2.2.3 Leveraging business data
Businesses need to focus on collecting, analyzing, and optimizing existing data. Customer data, product data, and service data can be used to train AI models. This can then optimize marketing strategies, improve service quality, and lead to more accurate business decisions.

2.2.4 Development of AI products and services
Businesses can consider developing unique AI products and services to meet the needs of customers in their respective industries. Creating new, highly applicable products using this technology will help businesses not only optimize internal operations but also expand their market and increase product value.
2.2.5 Enhancing security and ethical compliance
Businesses need to ensure that the AI solutions they develop comply with legal regulations regarding data security and privacy. At the same time, they need to establish ethical guidelines for the application of artificial intelligence to avoid risks such as discrimination, bias, or violations of consumer rights.
3. Frequently Asked Questions about the Challenges of AI Development
3.1 Why is high-quality data important for AI development?
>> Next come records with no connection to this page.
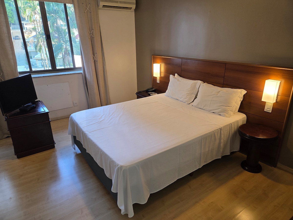 Café da manhã, Wifi, carregador de carro elétrico cortesia na hospedagem Taxa de turismo: R$ 3,00/diária ISS 3% incluso Diária por pet R$129,00 Estacionamento - R$ 30 por dia Quarto com decoração moderna equipado com: Ar condicionado quente e frio SmartTV led 32” Telefone Frigobar Caixa de som bluetooth JBL Cama box queen size Espelho de corpo inteiro Ampla janela com blackout duplo Enxoval de primeira linha Ducha com aquecimento central Ducha higiênica Secador Amenities biodegradáveis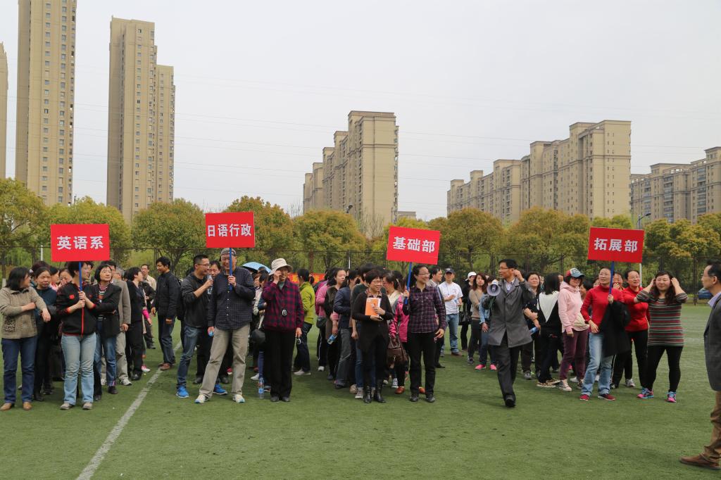 4月15日下午两点,乐鱼leyu(中国)在学校体育中心东侧小足球场举行了第五届教职工运动会。运动会由学院分工会主席管纪龙主持,学院党委书记黄城芳做开幕式动员讲话,拓展部米家全老师和英语系朱义华老师分别代表裁判员和运动员做宣誓发言。运动会分为四个团体代表组,分别为英语系、基础部、拓展部、日语行政等合计120余人,4名学生志愿者参与运动会会务。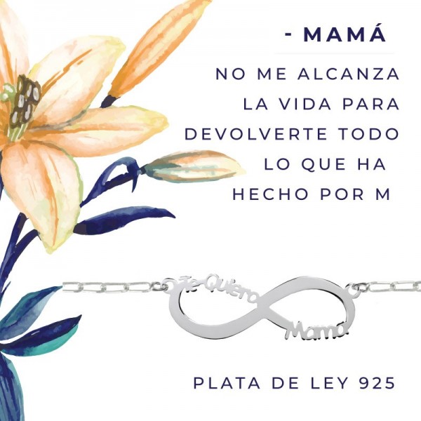Collar infinito Te quiero mamá Plata de Ley 925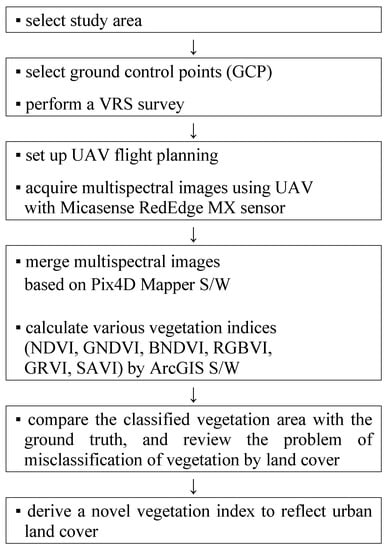 Satellite imagery is effective in analyzing vegetation in a large area. However, since the satellite moves only in a fixed orbit, it is difficult to obtain the image at the desired time. In addition, the resolution of multispectral satellite images such as Landsat ETM + has limitations in studies that require very precise analysis. Therefore, in the case of small urban areas, UAV research that can quickly take an image at a desired time is being used a lot. In particular, since the UAV system can be equipped with a multispectral sensor, it is easy to conduct various vegetation studies.
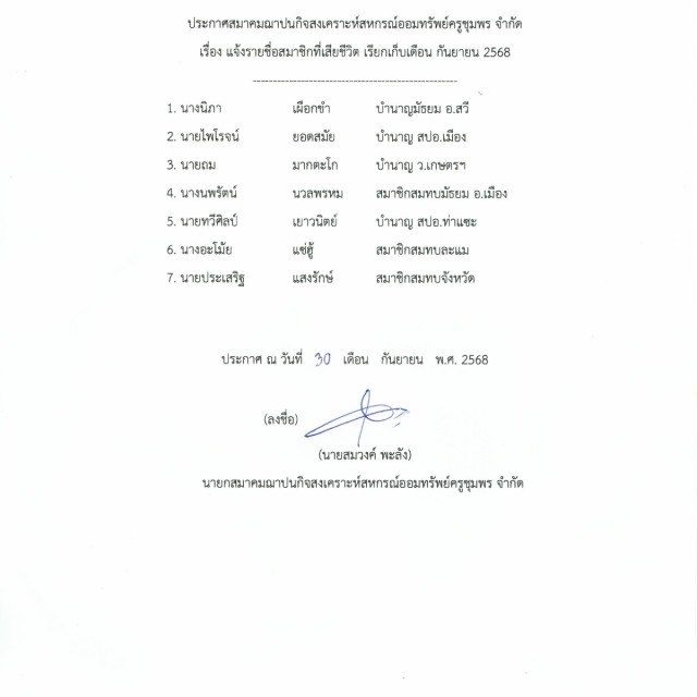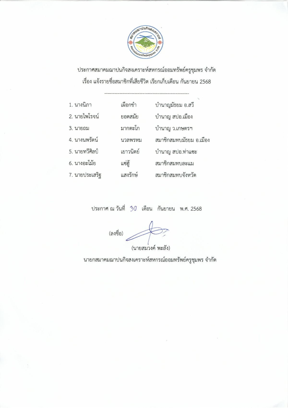 แจ้งรายชื่อสมาชิกเสียชีวิต เรียกเก็บเดือนกันยายน 2568

Input data is a crucial factor in determining the accuracy and reliability of an AI system. Poor-quality data, such as that from social media, often contains misinformation, directly impacting the results. A prime example is Microsoft’s chatbot, trained on Twitter data, which resulted in racist and misogynistic responses. Therefore, AI developers are prioritizing high-quality data sources such as books, newspapers, Wikipedia, and content from moderated websites.
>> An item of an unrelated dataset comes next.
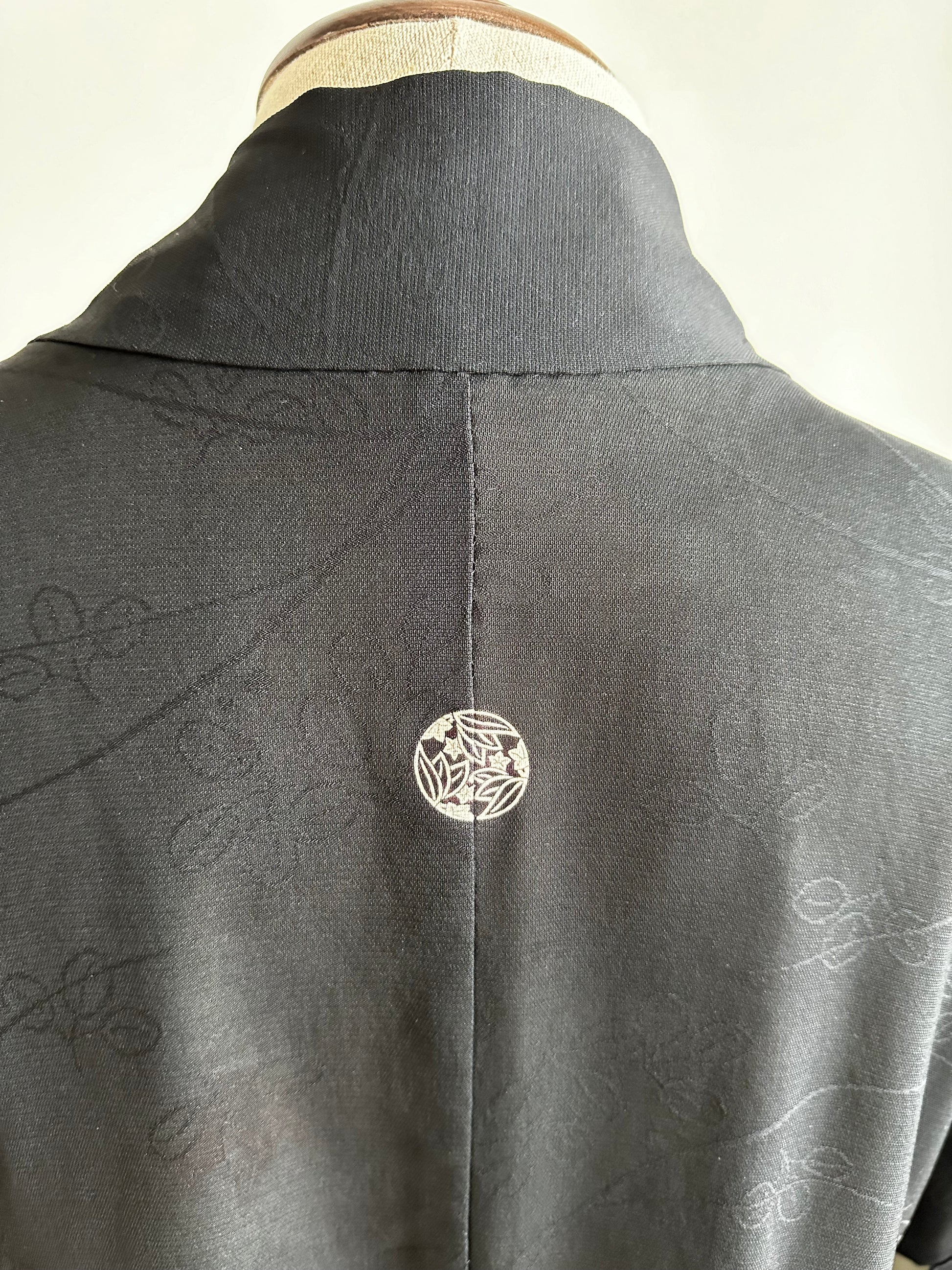 This reversible black kimono exudes 1920s-inspired elegance, blending vintage charm with cultural artistry. Adorned with a delicate fringe at the hem, it features hand-painted artwork.

3.2 How expensive is it to develop AI and why?
The cost of AI development is currently very high and continues to rise over time. Systems like large language modeling (LLM) often require thousands of powerful GPUs, costing millions of dollars just for hardware infrastructure. In addition, the salaries of experts, including data scientists, software engineers, and AI specialists, also account for a significant portion of the total cost. This creates a major barrier for small and medium-sized enterprises (SMEs) wanting to develop AI.
3.3 How much power does AI consume?
AI consumes electricity at an alarming rate. Creating GPT-4 consumed approximately 50 gigawatt-hours, equivalent to 0.02% of California’s annual electricity production. According to the International Electricity Agency (IEA), the energy demand of data centers is projected to increase sharply from 460 terawatt-hours (2022) to 1,000 terawatt-hours by 2026. This demonstrates the enormous energy requirements of AI development.
3.4 How could AI impact the labor market?
According to the IMF, AI is expected to impact 40% of jobs globally. Half of these could be negatively affected, with jobs being replaced or demand decreasing, while the rest will see improved productivity. AI is reducing the demand for unskilled labor, especially in repetitive, low-skill jobs such as assembly, shipping, and quality control. Workers are struggling to transition to higher-skill professions due to the time-consuming and costly retraining required.
3.5 What cybersecurity risks could AI pose?
AI can increase the risk of cyberattacks in several ways:
1. Attacks on training data – if the data is falsified, the AI will learn from the misinformation and make incorrect decisions.
2. Attacks on the AI system – hackers can exploit vulnerabilities to falsify results.
3. Loss of control over the AI – the system could evolve beyond human control and become a tool for security breaches.
4. Leakage of personal information – AI processes large amounts of sensitive data, increasing the risk of information leaks if not properly protected.
In summary, while AI offers many development opportunities, it also poses significant challenges regarding data quality, human resources, privacy, and more. To fully leverage the potential of digital intelligence, close collaboration between governments, businesses, and research institutions is necessary, along with sound policies and investment strategies.